I started a new blog (link-juice.co.uk) , and it started to get indexed in google. So all was well, then all of a sudden some of the pages were unindexed and slowly but surely they’re all being unindexed…
I’ve taken a look at what google’s doing (using webmaster tools) and it says “URLs restricted by robots.txt (25)” which turns out to be everything. The robots.txt file looks like this
From what i can tell this is the default… any thoughts as to what i can do?

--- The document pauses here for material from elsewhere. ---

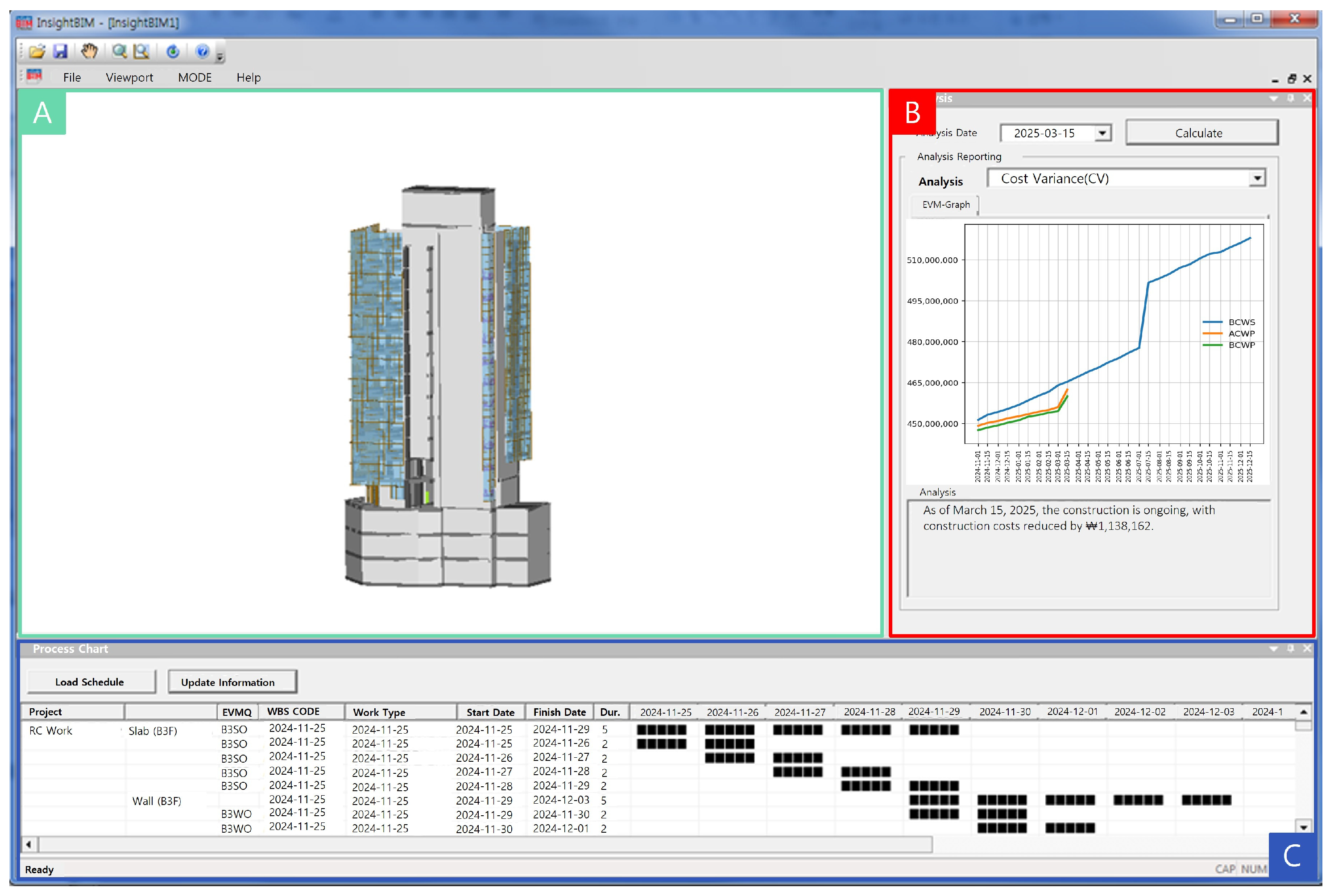 The EVM system interface layout developed in this study consists of a 3D viewer, model properties, schedule, and EVM analysis results window required for BIM-based EVM analysis.

Check under options privacy and make sure the first selection, “I would like my blog to appear in search engines like Google and Sphere, and in public” is selected and then click “update options.” If it is selected, select one of the others and then click update, and then go back and select the first one again and again click “update options.”
I would also contact staff about it (not sure if support will be open for business today or not) at: http://wordpress.com/contact-support/ .

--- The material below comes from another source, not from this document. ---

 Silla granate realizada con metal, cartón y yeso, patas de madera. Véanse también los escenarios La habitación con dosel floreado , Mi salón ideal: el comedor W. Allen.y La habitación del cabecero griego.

No need to bother staff; that’s the default robots.txt everyone has, and it’s uneditable. (previous answer here). If Google are eliminating you from their indexes that’s Google’s responsibility, not wp.com’s.
Thanks for the replies guys
If google are “eliminating” me from their index because of the robots.txt which i cant edit then it is a WP problem…
I’ve done a bit more research into this, with webmaster tools has a robots.txt verifcation tool that allows you to see if pages are allowed/disallowed based on your current robots.txt file. I’ve run through all my indexed pages and its currently saying that they are all “allowed”. This is a complete contradiction to what they say in the webcrawl stats where all my pages are “blocked by robots.txt”.
Slightly confused by this…
If it’s showing that they are “allowed” then I would be contacting Google as it appears they’ve got an error or problem of some sort on their end.
Ok… This is getting more and more baffling as we speak.
So, a day or so after this discussion, i did a site:link-juice.co.uk search and saw that the site was being indexed again. I went to webmaster tools, and saw that it had picked up the proper robots.txt (discplayed in my first post).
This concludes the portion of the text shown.